I find the Bob Kraft marriage to the forty-seven-year-old doctor thing quite gross, and rather scummy, on both their parts. I think he's a scummy guy. His wife's family set him up in business, so it's not like he was self-made. He may be some gifted businessman, but you don't talk business, right? I mean, it's not interesting. So the one thing he might be good at and have anything to say about with any intelligence--and I think that's unlikely--wouldn't even come up. If you had a brilliant mind, whatever you talk about is brilliant. I've heard many Bob Kraft interviews. He's not smart. He's not funny. He sounds like some old fuddy-duddy. What I am saying is is that it's different to me when Picasso, in his seventies, would enter into a union with a woman in her twenties. They were there for reasons that mattered, as one knows if they read the likes of Fernande Olivier's Loving Picasso. They should have been together. Two gifted people. You don't get one gifted person that often. When two such people find each other, that transcends age. The age does not matter. That's not Kraft and this woman. Same guy who goes to the Asian massage parlor for his regular hand jobs? Again, scummy. Always needs someone so much younger than he is since his wife died? Why? Scummy. So she can suck your balls? For appearance's sake? Obviously it's not love. And this woman. She'd marry an eighty-something-year-old retired plumber if it was the same guy with the same mind, same personality? If I were her, I'd be humiliated. Everyone would know what I was up to. Then I'm supposed to jerk this guy off? And everyone knows that? That I'll be doing it soon? I don't even think it was mostly money that motivated her. If you're like that, there's something wrong with you. Him too.
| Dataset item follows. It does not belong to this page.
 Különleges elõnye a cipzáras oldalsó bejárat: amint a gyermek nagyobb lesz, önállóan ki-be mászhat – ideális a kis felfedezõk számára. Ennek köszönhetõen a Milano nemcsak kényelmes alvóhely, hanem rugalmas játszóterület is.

Then they encourage it in each other. I think she wanted that life. Those parties. Those trips. To be seen wearing whatever dress at whatever event. To be up on TV for the Super Bowl. Not that the Patriots are going to go again in Kraft's lifetime, in my view. Scummy and gross.
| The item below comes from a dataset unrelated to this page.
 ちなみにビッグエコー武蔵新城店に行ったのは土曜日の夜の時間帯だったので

Then there's Brady, who goes to a wedding right before his team's weekly game. Same guy who took ten days off, all of that. What are you doing, man? I told a friend yesterday that I could see Brady's life taking on the quality of an American tragedy. Brady is a bit like Gatsby. I don't think he can let go. I don't think he has anything, by which I mean of substance for the soul. If the only thing you have is the sport you play--I don't mean financially, I mean for fulfillment--you're in trouble. Take Picasso. Your only thing could be painting. Then you're okay. You will always have that fulfillment. Allowing you do it at the level you want to be doing it. I think Dylan is that way. This could be how it ends for Brady in the NFL. A .500 season, or a little better, an early playoff bouncing, or maybe not qualifying, and a broken home. People think that he's getting divorced because he came back to play. No one knows. Marriages don't usually come apart over one thing. I also don't think he's someone who partners up for love. I think he partners up for image and social ascendancy. I respect him as the ultimate player in that league, but not very much as a person. I think he wants to be seen as Prince Charming and he's avaricious that way. He's gone for appearance over anything else in many ways. I see desperation--all of those videos he makes--and narcissism. Perhaps this break-up was coming and that's why he came back. He didn't have anything else. I cannot see him being at all fulfilled as a post-career analyst or studio guy or whatever he'll be doing. I'd be surprised if he lasts doing that or is any good at it. He'll get another hot famous person and he'll pair up with her. Just do it all over again. I think his is a kind of soulless life. Best football player I've ever seen, though. Easily.


The Patriots' quarterback situation is quite simple to me, and it's the same as it was after last week. I don't think they have the guy on the roster who is going to win for them and win in the playoffs. I don't believe that's Mac Jones. I think it highly unlikely it's Bailey Zappe. What I know is this: Jones was bad this year. Two TDs, five interceptions. I don't believe he has an NFL arm. His problem is the opposite of Cam Newton, when it comes to throwing. Newton bounced the ball to people. Jones throws pop-ups. The ball is in the air for an age. He got in better shape, got stronger, and came back with the exact same noodle of an arm. I don't believe he can throw at the level you have to throw at. I also don't think he's a leader. He looks and sounds like Matt Saracen. I think he's been coddled. This is a guy who probably had a throwing coach at age seven. I think he's entitled. Also, when you get hurt early, chances are almost always that you're going to keep getting hurt. I don't think he's tough. Listening to him scream over a high-ankle sprain? Lawrence Taylor didn't just break your leg.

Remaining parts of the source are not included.